**GOAL OF THE EXERCISE**
Transcribe the listing exactly as written. Leave the images out.

**DATASET SECTION**
◇ ◇ ◇ ◇
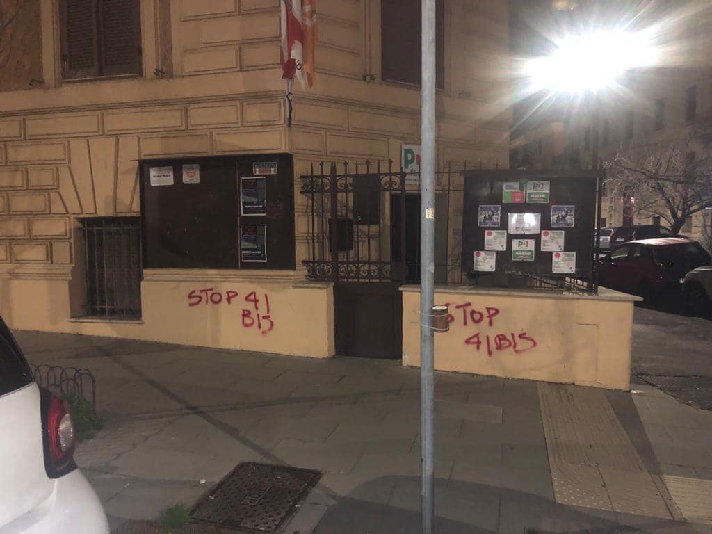 Scritto contro il 41 bis e ‘Alfredo Libero‘ sono comparse questa notte sui muri del circolo Pd ‘Italia-Lanciani’ a Roma. Diverse le scritte, realizzate con vernice rossa, tra cui ‘PD Merd*’ e ‘stop 41bis’, mentre ignoti hanno rotto le finestre del circolo, facendo cadere pezzi di vetro all’interno. La segnalazione al 113 è avvenuta intorno a mezzanotte e mezza. La serranda della finestra del circolo, al piano terra in via Catanzaro, è stata danneggiata dal lancio di un petardo di grosse dimensioni. Intervenuti gli artificieri per la bonifica e la scientifica per i rilievi. Le volanti intervenute sono quelle di Porta Pia e San Lorenzo.
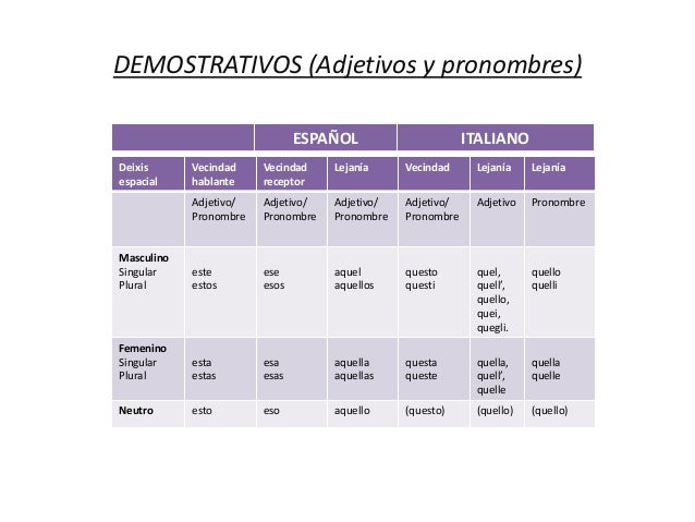 1 Pronombres demostrativos Son aquellos que indican la distancia relativa entre dos objetos, entre una persona y una cosa o entre dos personas, es decir, señalan ubicación A continuación les presentaremos los adverbios demostrativos Ejemplos Aquel escribe en su cuaderno Aquellos recogen manzanas Cercanía Distancia media Lejanía Singular. Hoy vamos a ver los pronombres y los adjetivos demostrativos en italiano Es decir, cómo se dicen palabras como “este”, “eso”, “aquella” tanto en el caso de que acompañen un sustantivo (como adjetivos) como si lo sustituyen (como pronombres) También puedes escuchar este post haciendo clic en el reproductor. Descripción de Los pronombres demostrativos en italiano ejercicio I Oggi mettiamo in pratica ciò che abbiamo imparato a proposito dei pronomi e degli aggettivi dimostrativi in italiano, inserendoli nelle rispettive frasi.
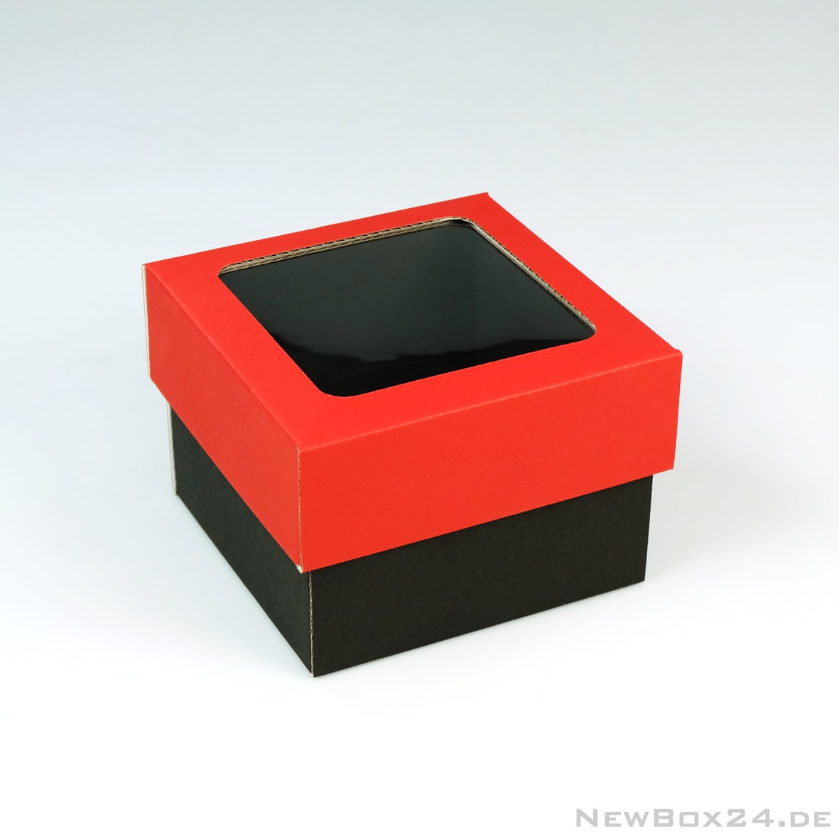 VARIO COLOR Stülpdeckelbox 415 - 130 x 130 x 100 mm (Innenmaße), inklusive Klarsichtfenster zum Einlegen, Wellkarton glatt in Standardfarbe nach Wahl (auch Boden und Deckel unterschiedlich ohne Mehrpreis), Lieferung ungefaltet
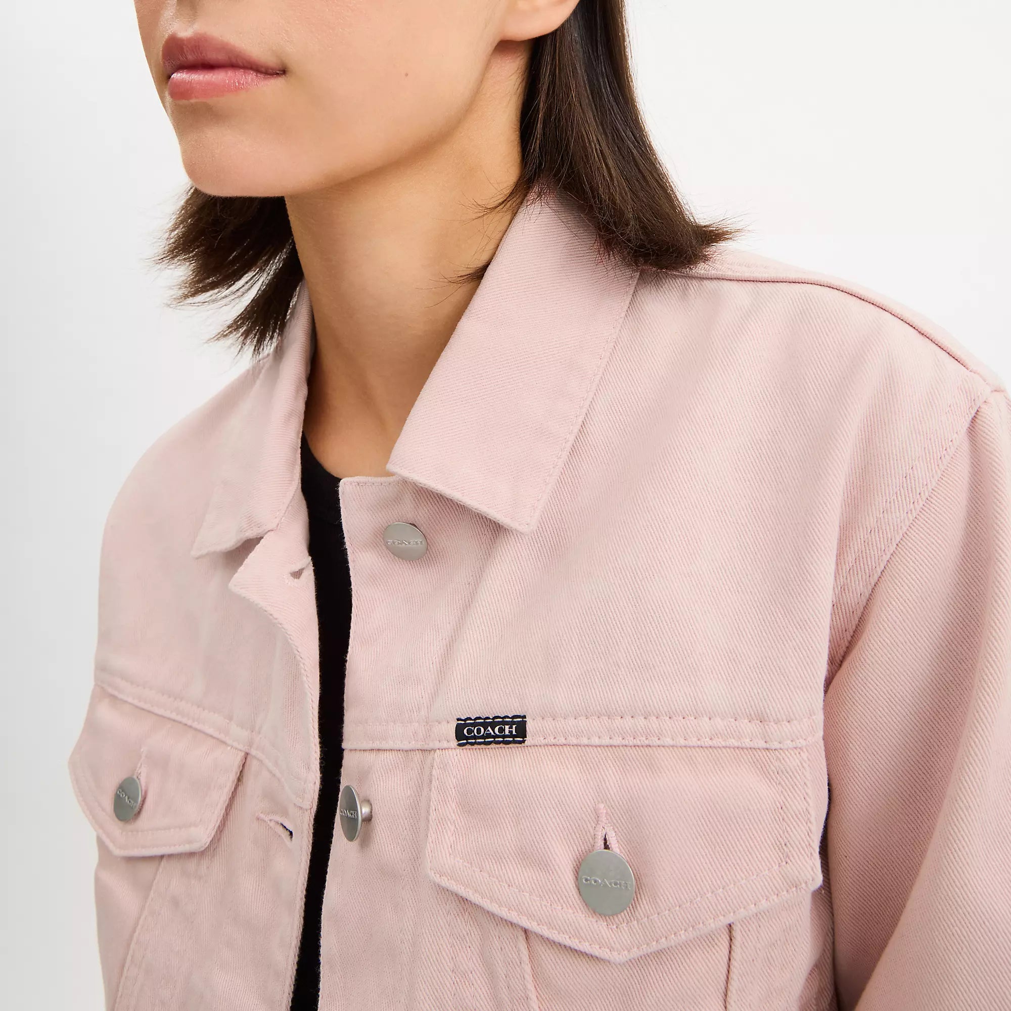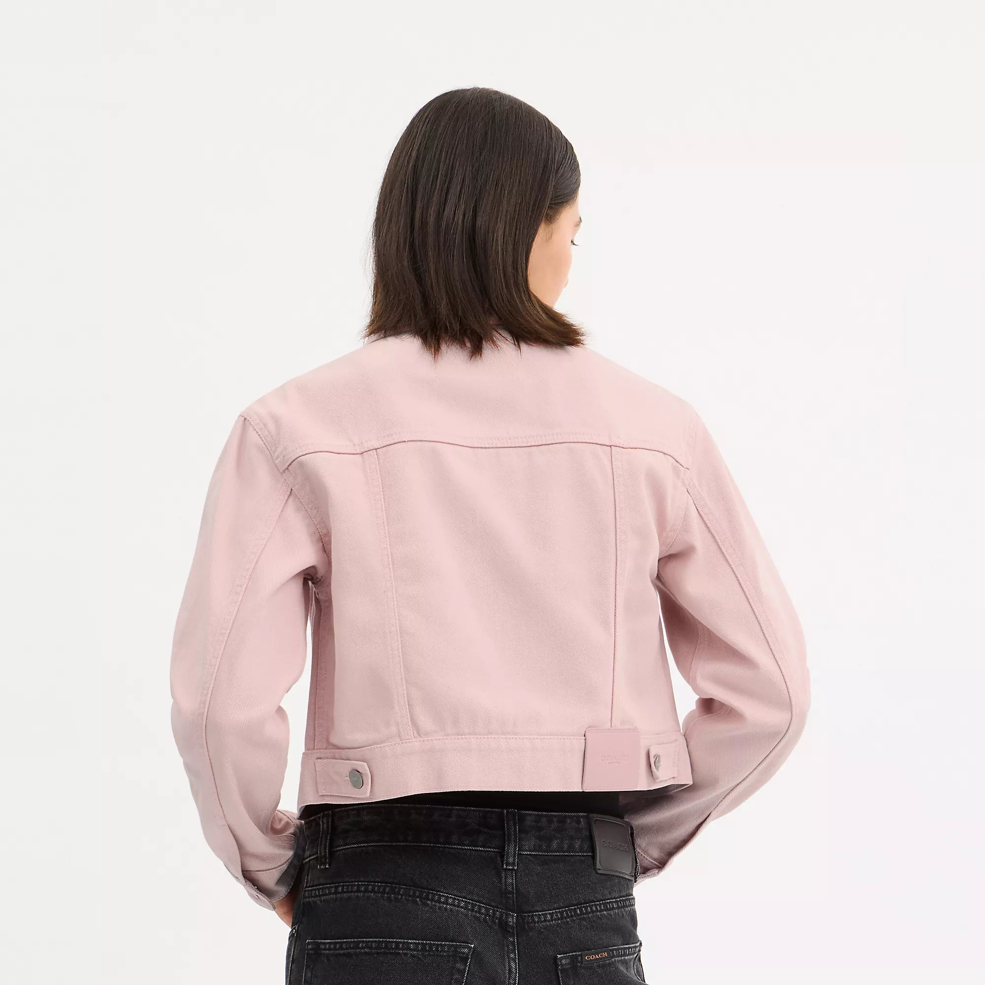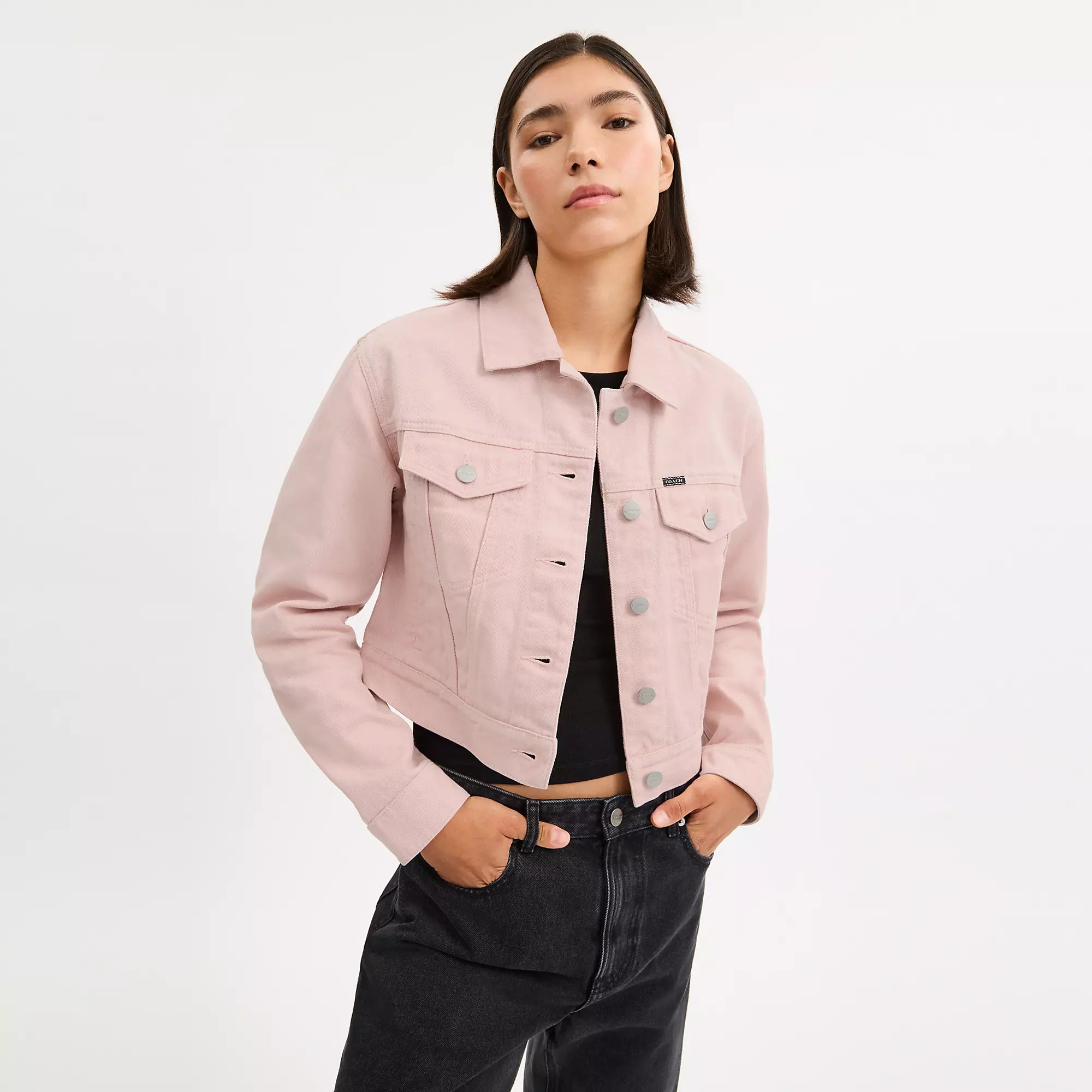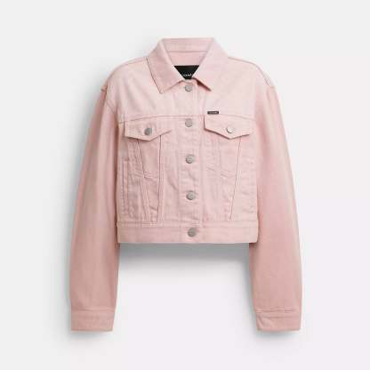 100% cotton Leather details Button closure Button pockets Length - 20 Machine wash Model is 5'10 (178cm) chest 31 (79cm) waist 24 (61cm) hips 35 (89cm) and wears a size S Style No. CBB95 | Coach Outlet Colorful Signature Denim Jacket - Pink, Size - Small
◇ ◇ ◇ ◇
**WRITTEN SOLUTION**
 Scritto contro il 41 bis e ‘Alfredo Libero‘ sono comparse questa notte sui muri del circolo Pd ‘Italia-Lanciani’ a Roma. Diverse le scritte, realizzate con vernice rossa, tra cui ‘PD Merd*’ e ‘stop 41bis’, mentre ignoti hanno rotto le finestre del circolo, facendo cadere pezzi di vetro all’interno. La segnalazione al 113 è avvenuta intorno a mezzanotte e mezza. La serranda della finestra del circolo, al piano terra in via Catanzaro, è stata danneggiata dal lancio di un petardo di grosse dimensioni. Intervenuti gli artificieri per la bonifica e la scientifica per i rilievi. Le volanti intervenute sono quelle di Porta Pia e San Lorenzo.
 1 Pronombres demostrativos Son aquellos que indican la distancia relativa entre dos objetos, entre una persona y una cosa o entre dos personas, es decir, señalan ubicación A continuación les presentaremos los adverbios demostrativos Ejemplos Aquel escribe en su cuaderno Aquellos recogen manzanas Cercanía Distancia media Lejanía Singular. Hoy vamos a ver los pronombres y los adjetivos demostrativos en italiano Es decir, cómo se dicen palabras como “este”, “eso”, “aquella” tanto en el caso de que acompañen un sustantivo (como adjetivos) como si lo sustituyen (como pronombres) También puedes escuchar este post haciendo clic en el reproductor. Descripción de Los pronombres demostrativos en italiano ejercicio I Oggi mettiamo in pratica ciò che abbiamo imparato a proposito dei pronomi e degli aggettivi dimostrativi in italiano, inserendoli nelle rispettive frasi.
 VARIO COLOR Stülpdeckelbox 415 - 130 x 130 x 100 mm (Innenmaße), inklusive Klarsichtfenster zum Einlegen, Wellkarton glatt in Standardfarbe nach Wahl (auch Boden und Deckel unterschiedlich ohne Mehrpreis), Lieferung ungefaltet
 100% cotton Leather details Button closure Button pockets Length - 20 Machine wash Model is 5'10 (178cm) chest 31 (79cm) waist 24 (61cm) hips 35 (89cm) and wears a size S Style No. CBB95 | Coach Outlet Colorful Signature Denim Jacket - Pink, Size - Small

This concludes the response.